▶ [Dataset content]:
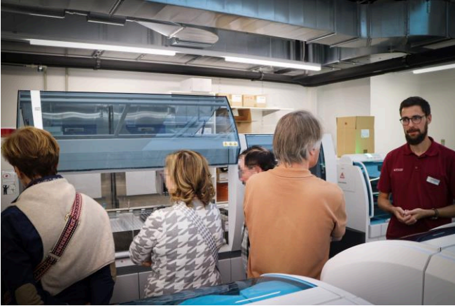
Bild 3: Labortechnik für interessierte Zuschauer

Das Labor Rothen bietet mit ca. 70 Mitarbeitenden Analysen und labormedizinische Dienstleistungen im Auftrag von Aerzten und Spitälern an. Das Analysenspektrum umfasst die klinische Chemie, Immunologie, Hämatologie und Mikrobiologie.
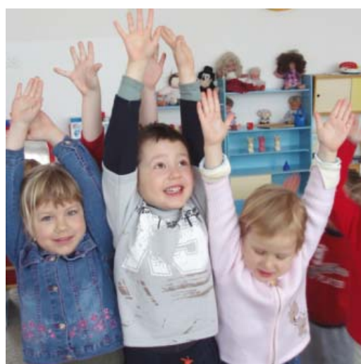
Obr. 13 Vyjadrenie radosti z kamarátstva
---
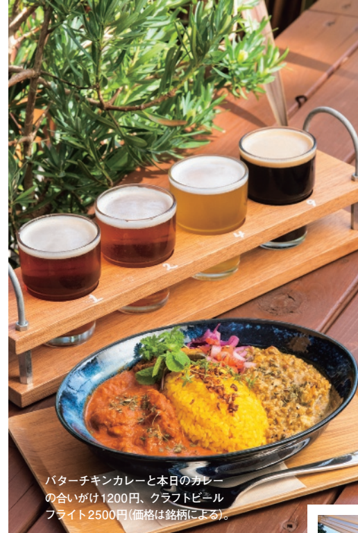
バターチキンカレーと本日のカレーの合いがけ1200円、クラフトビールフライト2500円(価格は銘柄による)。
--
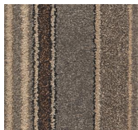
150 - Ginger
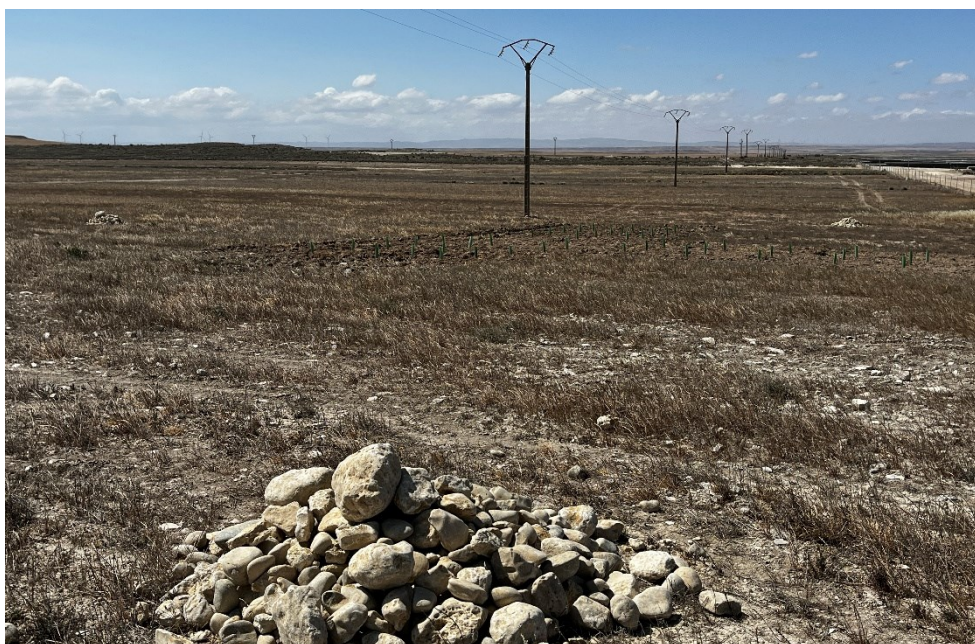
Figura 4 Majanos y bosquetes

▶ [Prompt]: Output only the lines above from the one containing "Das Labor Rothen" to the one containing "Obr. 13 Vyjadrenie radosti z kamarátstva", both included, exactly as written and with no pictures.

▶ [Your response]:
Das Labor Rothen bietet mit ca. 70 Mitarbeitenden Analysen und labormedizinische Dienstleistungen im Auftrag von Aerzten und Spitälern an. Das Analysenspektrum umfasst die klinische Chemie, Immunologie, Hämatologie und Mikrobiologie.
Obr. 13 Vyjadrenie radosti z kamarátstva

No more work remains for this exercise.